比較例6の塗料C調製において、硫酸マグネシウム(無水)を硫酸アルミニウム(無水)とした以外は、同様にして顔料インク用インクジェット記録シートを作製した。
比較例10
比較例6の塗料C調製において、硫酸マグネシウム(無水)を硝酸カルシウム(4水和物)とした以外は、同様にして顔料インク用インクジェット記録シートを作製した。
[インクジェット記録適性]
インク吸収性評価
インクジェットプリンター(商品名:GP−700、エプソン社製)で、ベタ印字を行い、プリントアウト直後のインク液滴消去までの時間を測定した。4秒以上では、裏移り等の問題となる可能性があり好ましくない。
JISP8142に順じ、75度光沢度計を用いて測定を行った。
[操業性]
アンダーコートとトップコートの塗料を45℃に加温し、ブレード塗工を行った。
○:特に問題なく、操業上できた。
△:ブレードで掻き落とされた塗料が増粘したが、循環不良にはならず、操業は可能であった。
×:ブレードで掻き落とされた塗料が増粘し、循環不良となり、操業不可となった。
Claims (4)
- 支持体上の少なくとも片面に、アンダーコートとして、吸油量100cc/100g未満の顔料を20重量部以上とバインダーを含有する塗液を乾燥塗工量が2.0〜16.0g/m2となるように塗工、乾燥し、次いでトップコートとして顔料を含まず、硫酸マグネシウム、ギ酸カルシウム、酢酸カルシウム、硫酸アルミニウム、硝酸カルシウムから選択される1種以上の水溶性多価金属塩を含有する塗液を乾燥塗工量が0.2〜5.0g/m2となるように塗工、乾燥し、次いでキャレンダー処理により、JISP8142に準じた白紙光沢が40%以上となるように仕上げたことを特徴とする顔料インク用インクジェット記録シートの製造方法。
- アンダーコート塗液の顔料が、焼成カオリン、カオリン、炭酸カルシウム、プラスチックピグメントから選択される1種又は2種以上であることを特徴とする請求項1記載の顔料インク用インクジェット記録シートの製造方法。

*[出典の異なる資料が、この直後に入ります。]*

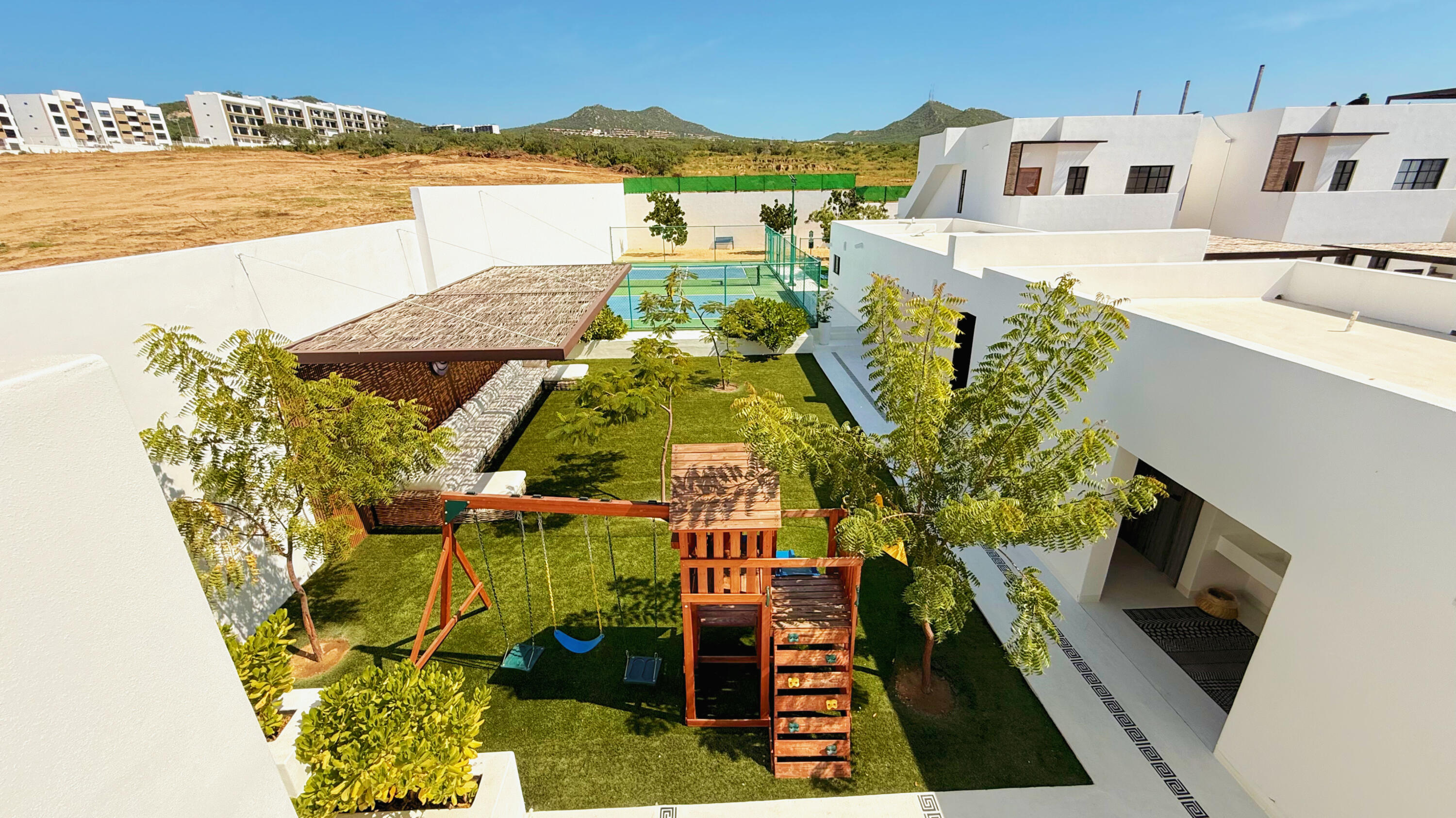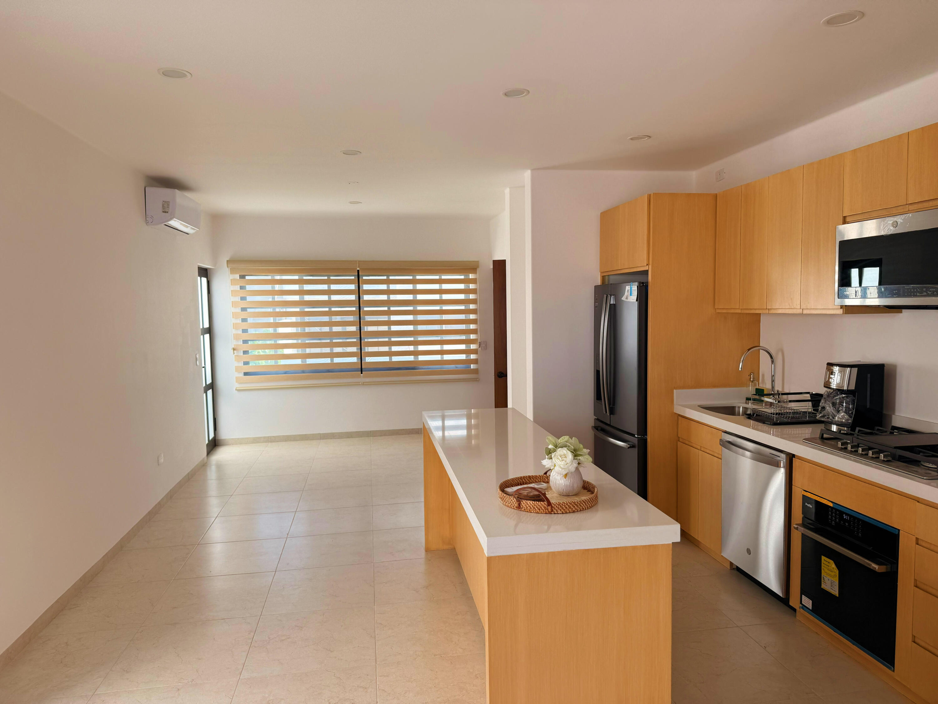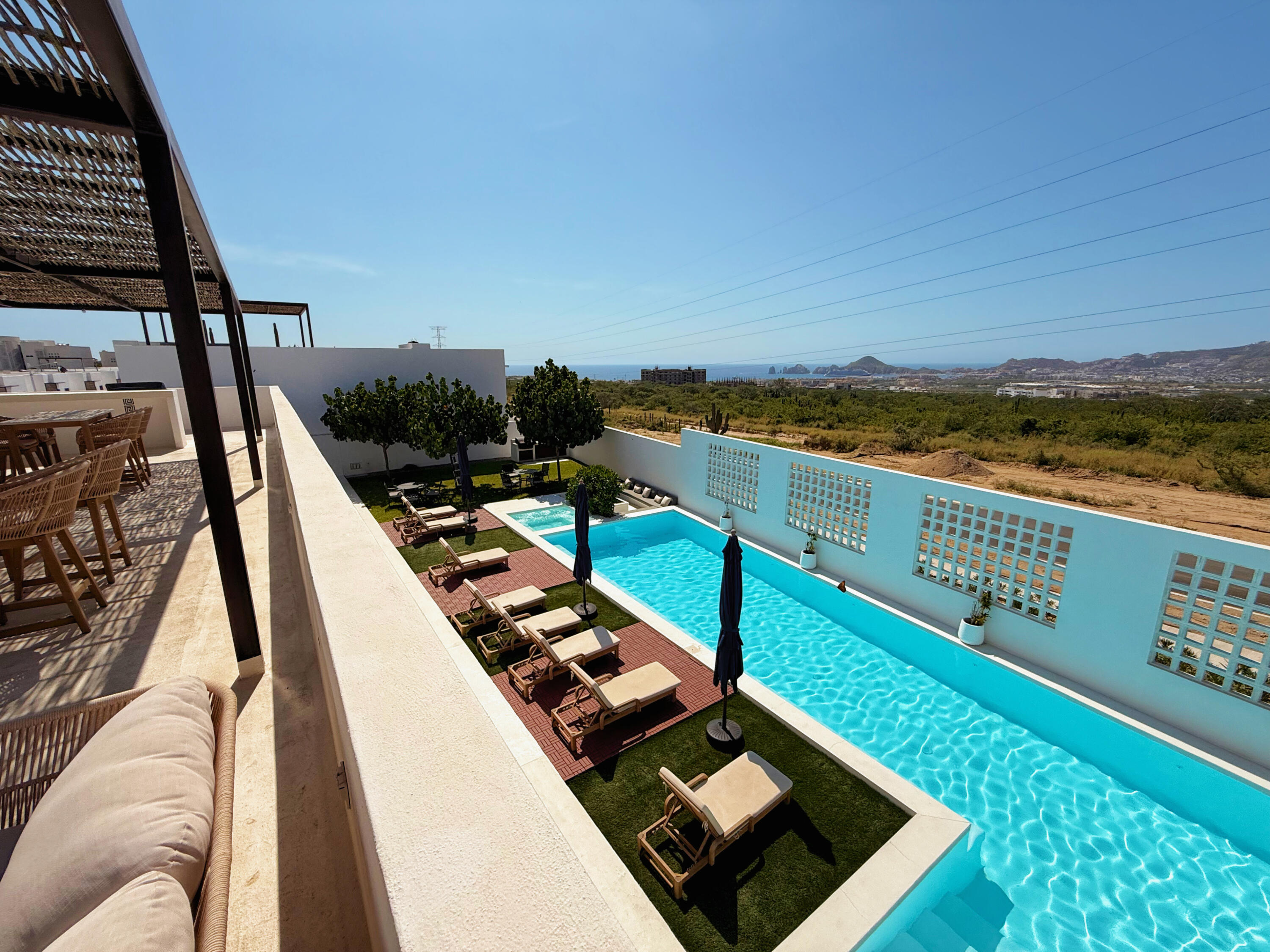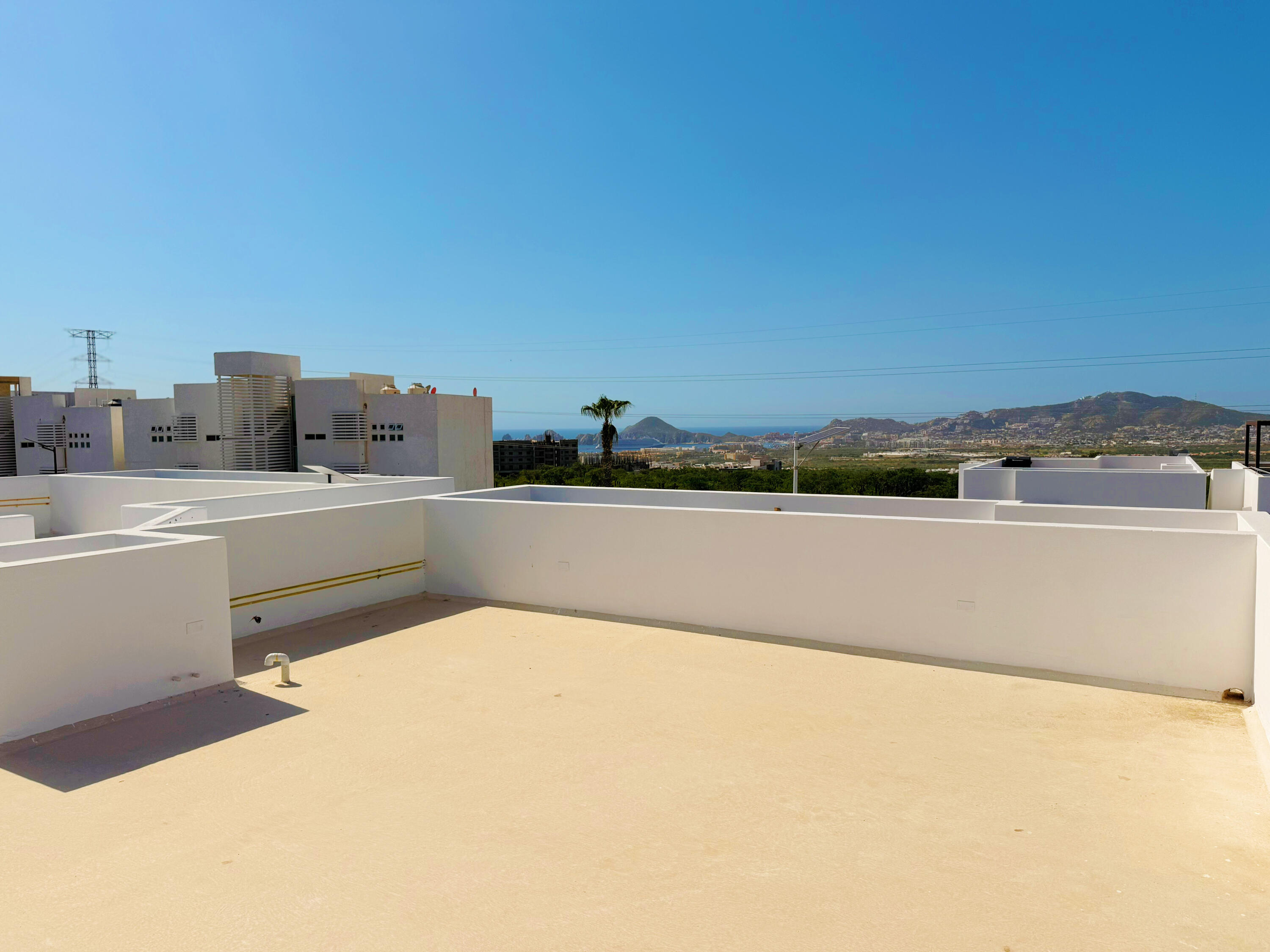 Experience Mediterranean-inspired luxury in this enchanting 2-bed, 2-bath Positano Penthouse. With 86 m of thoughtfully designed interior space and direct access to a private 60 m rooftop terrace, enjoy sweeping ocean, sunset, and city views perfect for intimate evenings or lively entertaining. Thoughtfully appointed with upgraded carpentry and appliance package: custom closets, vanities, kitchen cabinetry, range, microwave, oven, dishwasher, refrigerator, washer & dryer, plus window blinds. Comfort is ensured with mini-split A/C units throughout. Set within a secure, gated community offering outstanding amenities, this brand-new model home blends contemporary Mediterranean charm with modern convenience. Ready to show — a truly captivating Cabo residence.

- アンダーコート塗液の顔料100重量部あたりのバインダーの使用部数が3〜50重量部であることを特徴とする請求項1又は2記載の顔料インク用インクジェット記録シートの製造方法。
- アンダーコート塗液のバインダーが、澱粉及び/又はスチレンブタジエン共重合体であることを特徴とする請求項1〜3のいずれか一項に記載の顔料インク用インクジェット記録シートの製造方法。